Posted by banjopogo on Saturday, July 19, 2008

I started playing fiddle a couple of years after learning
banjo.  This has affected my banjo playing in an odd way.  If I play in an Old Time jam, I play fiddle,
and if I want to sound "Old Time" I use the fiddle.
I have no need of trying to play fiddle tunes on the banjo since I can play them on fiddle.

So when I pick up the banjo, I want to make it do something very different than what I play on fiddle, and
indeed what probably most people play on clawhammer banjo.

One big influence was Round Peak clawhammer.
I got a couple of big things from Round Peak style.
One, it got me into 2 Cs tuning in a big way.
Second, the banjo playing sounded more "African"
to me than any other banjo style I had heard.
I also really loved Clarence Ashley's Coo-Coo Bird,
which to me also sounds rather African.
I also got into electric Blues about 10 years ago,
mostly B.B. King and Chicago Blues.
Now I tend to appreciate the banjo and it's African-ness more than ever before.
When I sing with banjo, most of the time I use the same vocal style I would use singing blues or spirituals- a more Afro-American singing style,
which actually suits my voice better these days...
I am not a tenor anymore, and I can't do the "high lonesome" mountain singing style so well anymore,
but low, smoky, and growly works better with the baritone voice I do have.
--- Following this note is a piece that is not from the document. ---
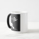Black and white design on a unique mug which changes colour, slowly revealing the design as you pour hot beverage into it.

One push in this direction came from a Youtube video of a mountain festival in the 1970s.
There was one banjo player/singer who was a
black mountaineer! His clawhammer technique
was just about the same as the white mountaineer clawhammer players, BUT:
his repertoire was almost all "spirituals",
and his singing style was more African-
and that confirmed for me that my experiments
in those directions were not "off the wall",
but entirely in keeping with the African American
banjo tradition.

Also, topic-wise, I would much rather sing spirituals with my banjo than about moonshine and murders!
Growing up in the '60s, I heard lots of great African American singers singing spirituals, as well as folk singers singing spirituals, and in recent years, I find myself connecting with those more than ever before in my life, and it's a lot of fun to try
and fit them to my banjo playing.
I do enjoy singing white mountain spirituals, but somehow those seem to fit better for me on guitar which pulls me into a "Carter Family" mood, somehow.
The core of my banjo technique is still Round Peak and Hobart Smith, but I try to apply things I have learned
from other African-American genres to the rhythm,
to get it to "groove" a little more.
One additional motivation: in the nursing homes I volunteer at, there are occasionally elderly black residents, and I want to have some stuff in my repertoire that they can connect with too.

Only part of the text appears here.